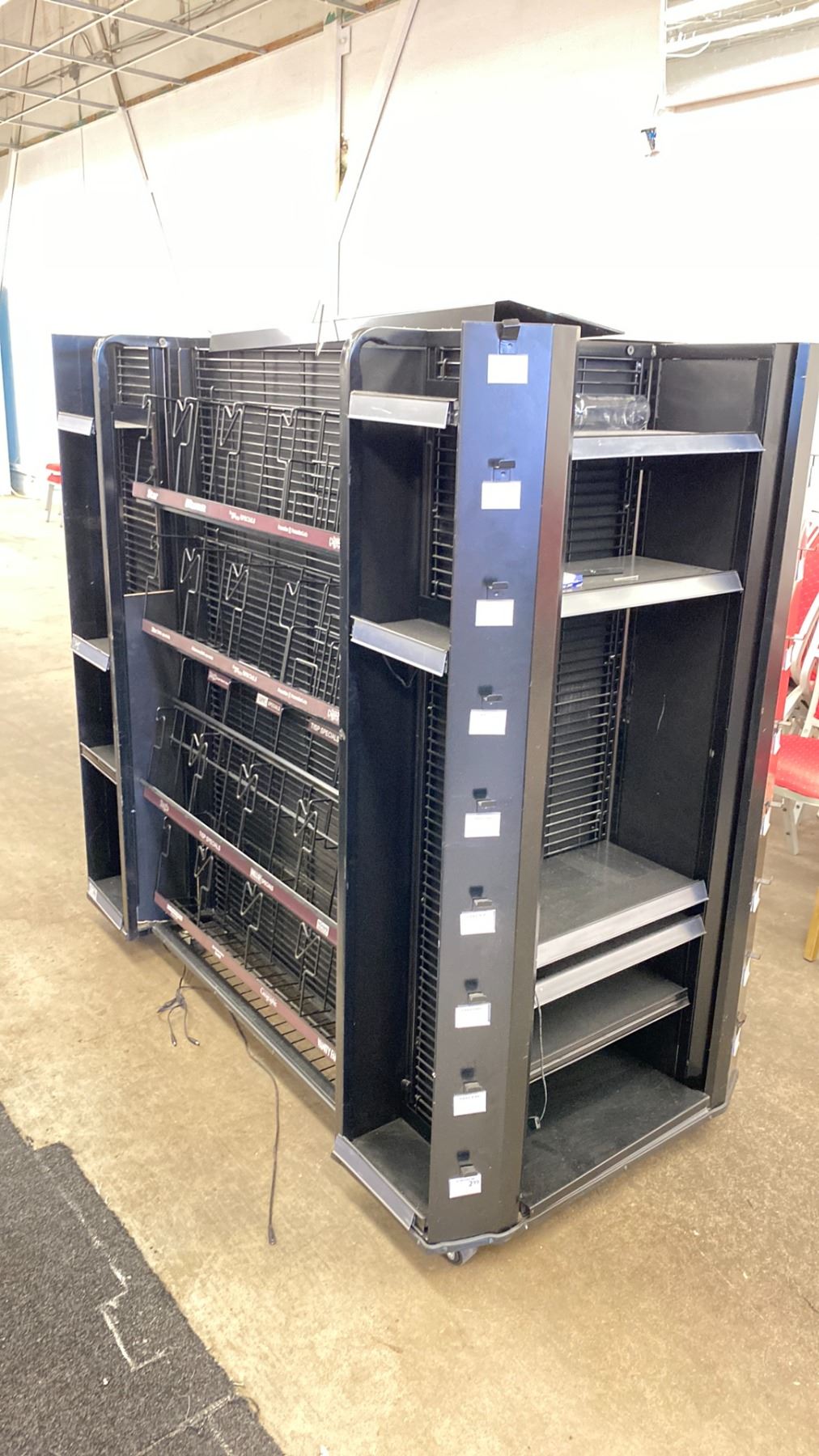 PORTABLE METAL MAGAZINE RACK 64"L X 32"W X 60"H *ITEM LOCATED OFF SITE IN VANCOUVER*
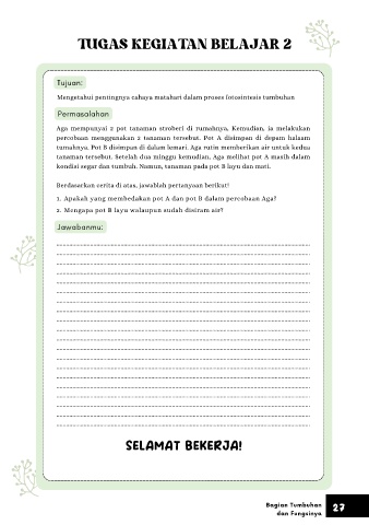 tanaman tersebut. Setelah dua minggu kemudian, Aga melihat pot A masih dalam
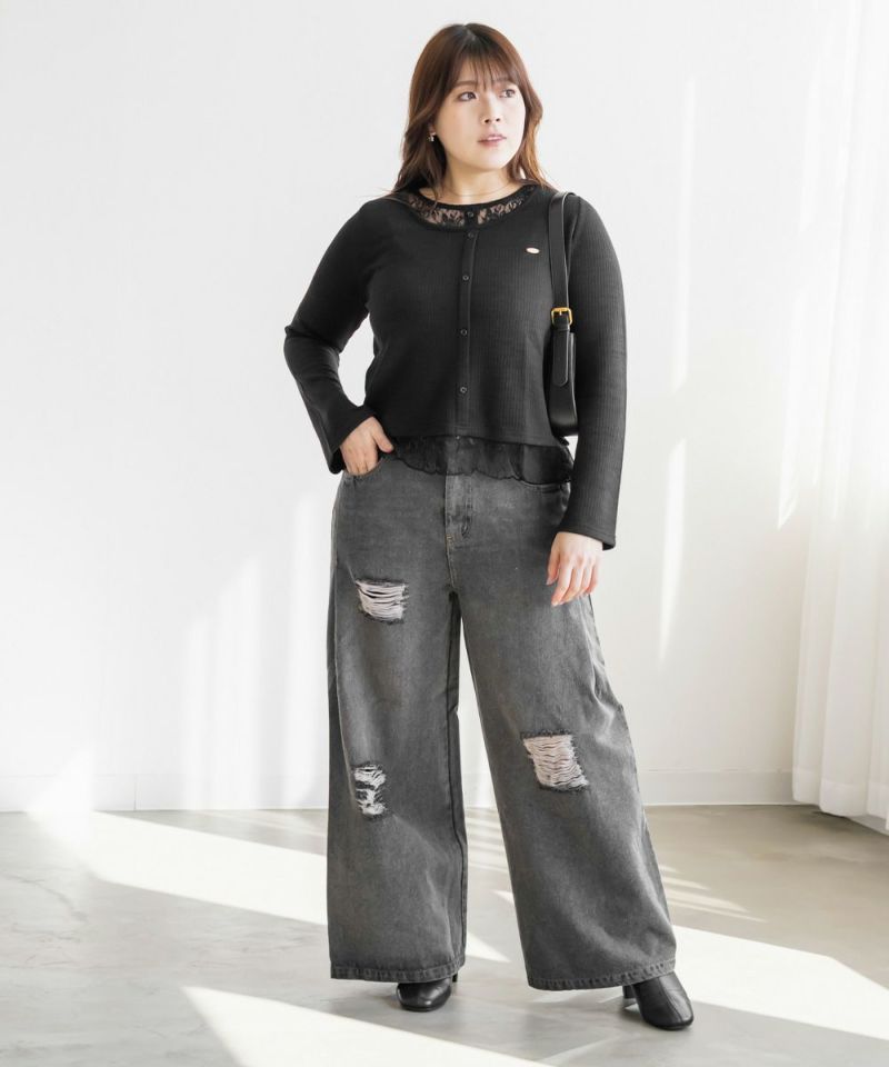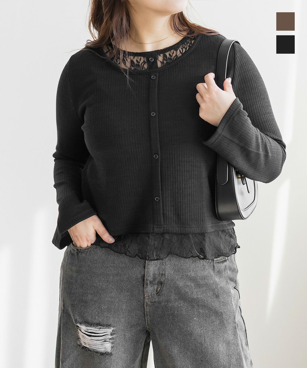 3Lサイズを着用して丁度良い着心地でした!軽く伸縮性のあるカットソー生地なので窮屈感なくノンストレスでした。レースを重ねたドッキングデザインが簡単にスタイリングを完成させてくれる優秀トップスです。 着丈はちょうどよく裾出しで着て可愛い1枚です♪1枚で着るだけで今っぽくなれて、シンプルなスカートやパンツと合わせて大人カジュアルに着こなせます!
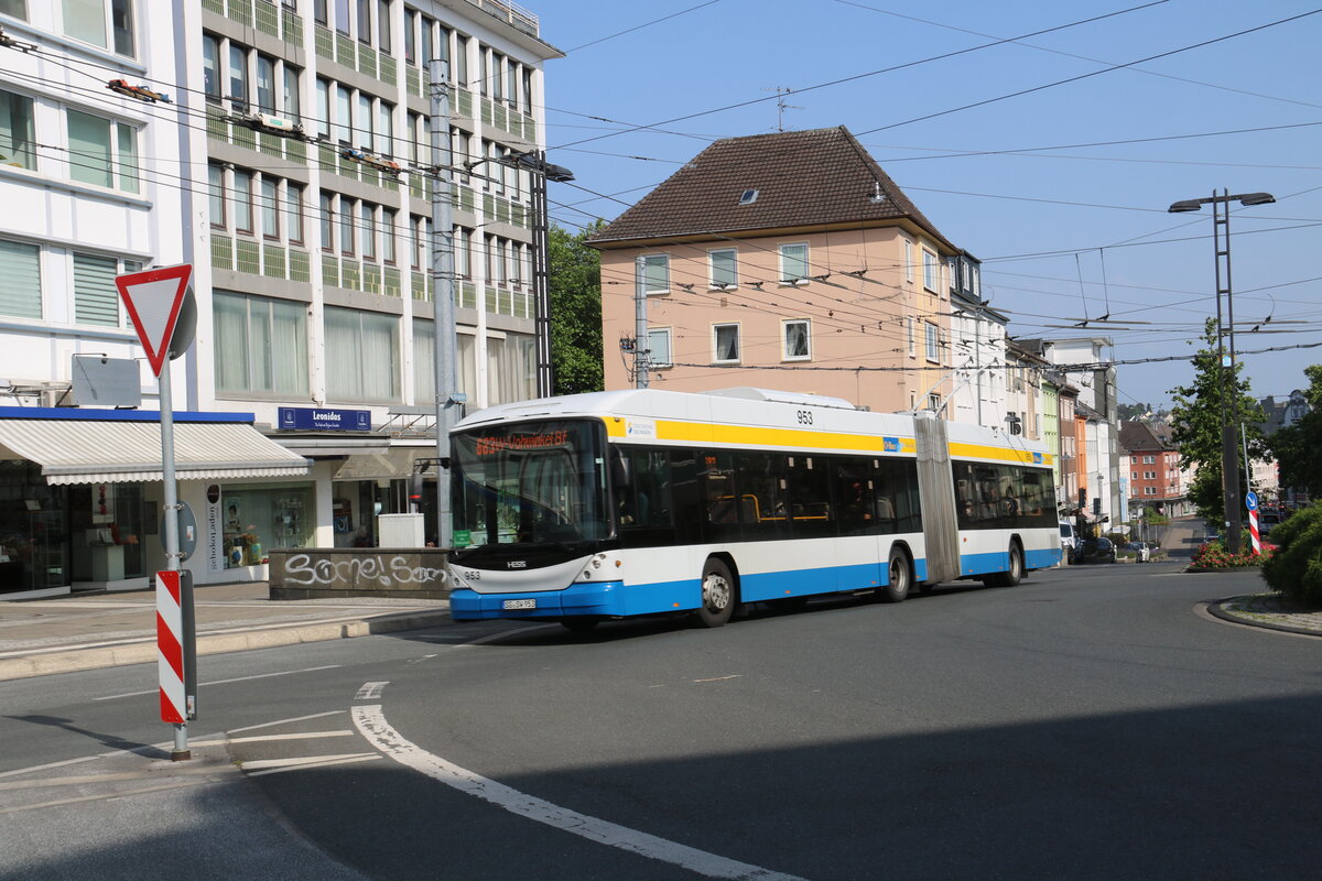 SWS Solingen - Nr. 953/SG-SW 953 - Hess/Hess Gelenktrolleybus am 19. Juni 2022 in Solingen (Aufnahme: Martin Beyer)
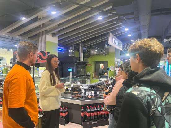 Працівник супермаркету, відповідальний за роботу зі студентами, був гідом. Він акцентував увагу на тому, що цей заклад – один із небагатьох, тематично оформлених. Це сприяє особливій атмосфері. Інтер’єр створено за мотивами творів нашого земляка М. В. Гоголя. Також гід ознайомив студентів з особливостями роботи цього супермаркету, розповів про логістичні процеси постачання сировини, напівфабрикатів, готової продукції.
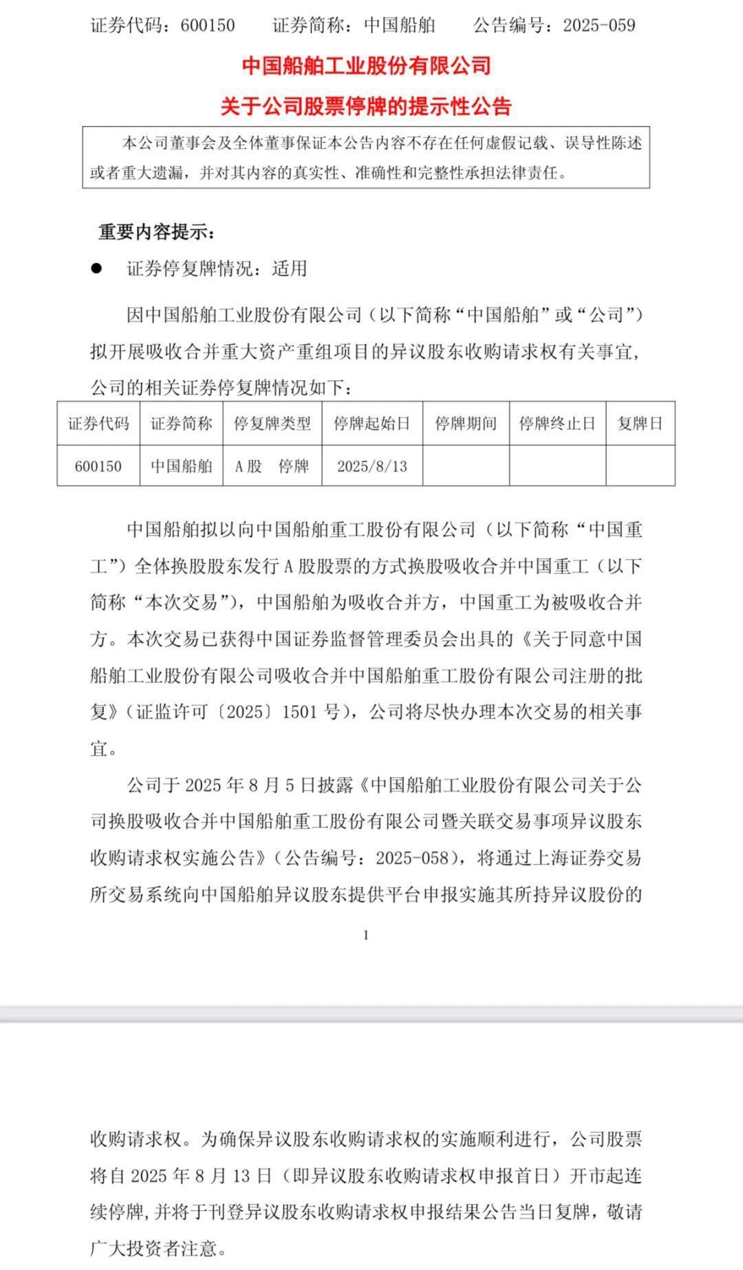 8月4日晚間,中國船舶發(fā)布公告稱,公司擬開展吸收合并重大資產(chǎn)重組項目的異議股東收購請求權(quán)有關(guān)事宜,公司股票將自2025年8月13日開市起連續(xù)停牌,并將于刊登異議股東收購請求權(quán)申報結(jié)果公告當日復牌。
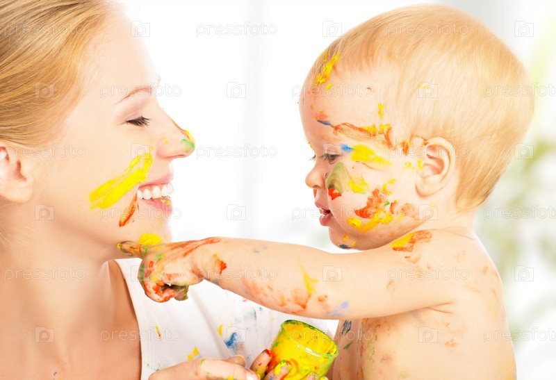 Счастливый грязный ребенок рисует красками на лице матери
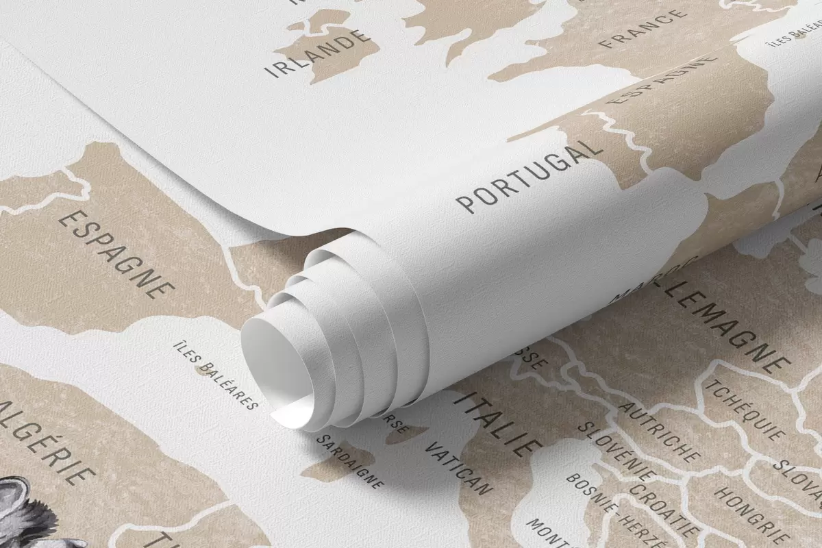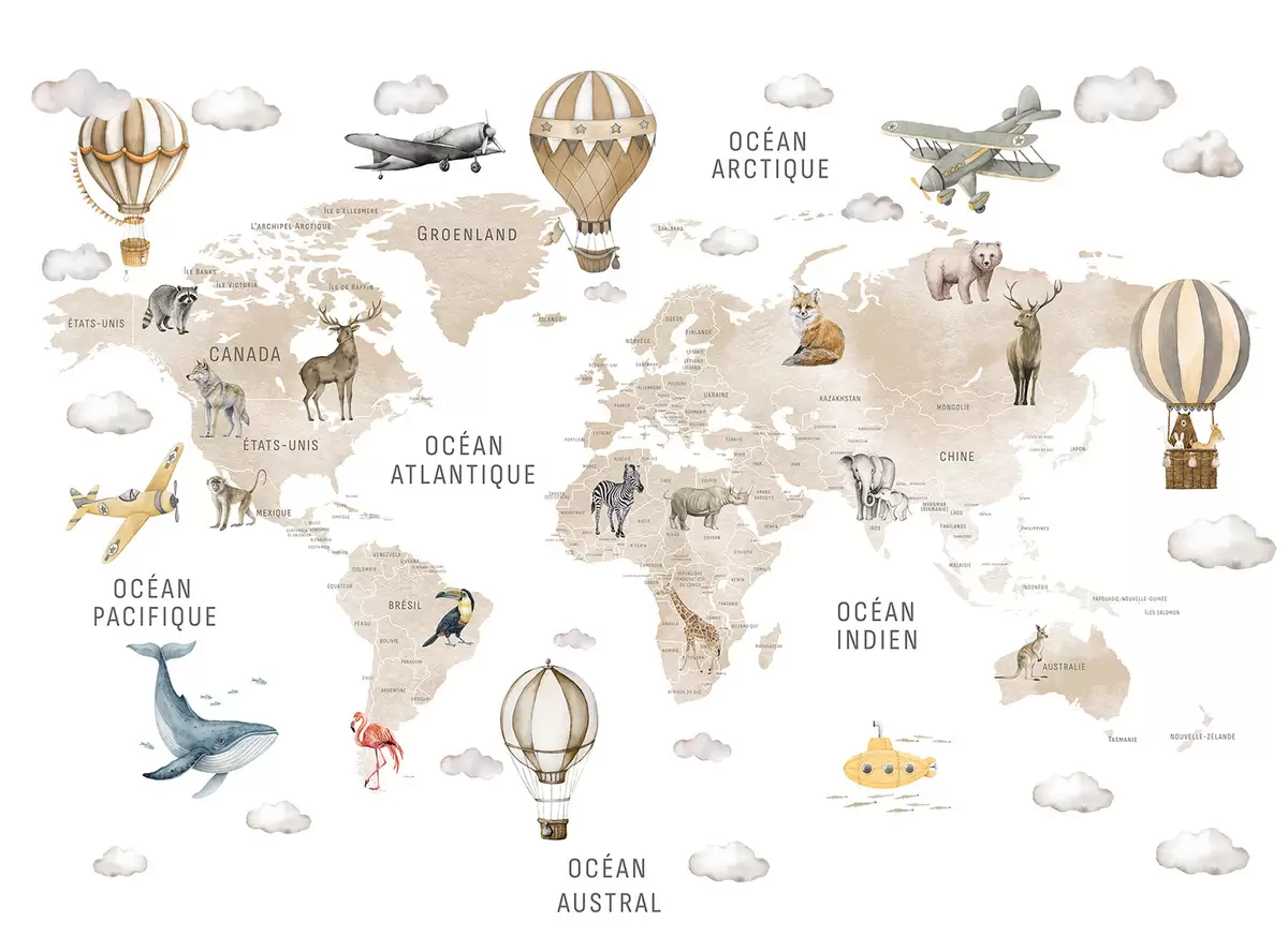 Fototapeten Kinderkarte im Aquarellstil mit Tieren und Heißluftballons. Französische Sprache. Beige Farbe N° c00001frv2
::::::::
#### Work required:
Copy the final stretch of the entries exactly: the line containing "SWS Solingen - Nr." and every line after it through the last. Include no pictures and nothing more.

#### Solution for this problem:
 SWS Solingen - Nr. 953/SG-SW 953 - Hess/Hess Gelenktrolleybus am 19. Juni 2022 in Solingen (Aufnahme: Martin Beyer)
 Працівник супермаркету, відповідальний за роботу зі студентами, був гідом. Він акцентував увагу на тому, що цей заклад – один із небагатьох, тематично оформлених. Це сприяє особливій атмосфері. Інтер’єр створено за мотивами творів нашого земляка М. В. Гоголя. Також гід ознайомив студентів з особливостями роботи цього супермаркету, розповів про логістичні процеси постачання сировини, напівфабрикатів, готової продукції.
 8月4日晚間,中國船舶發(fā)布公告稱,公司擬開展吸收合并重大資產(chǎn)重組項目的異議股東收購請求權(quán)有關(guān)事宜,公司股票將自2025年8月13日開市起連續(xù)停牌,并將于刊登異議股東收購請求權(quán)申報結(jié)果公告當日復牌。
 Счастливый грязный ребенок рисует красками на лице матери
 Fototapeten Kinderkarte im Aquarellstil mit Tieren und Heißluftballons. Französische Sprache. Beige Farbe N° c00001frv2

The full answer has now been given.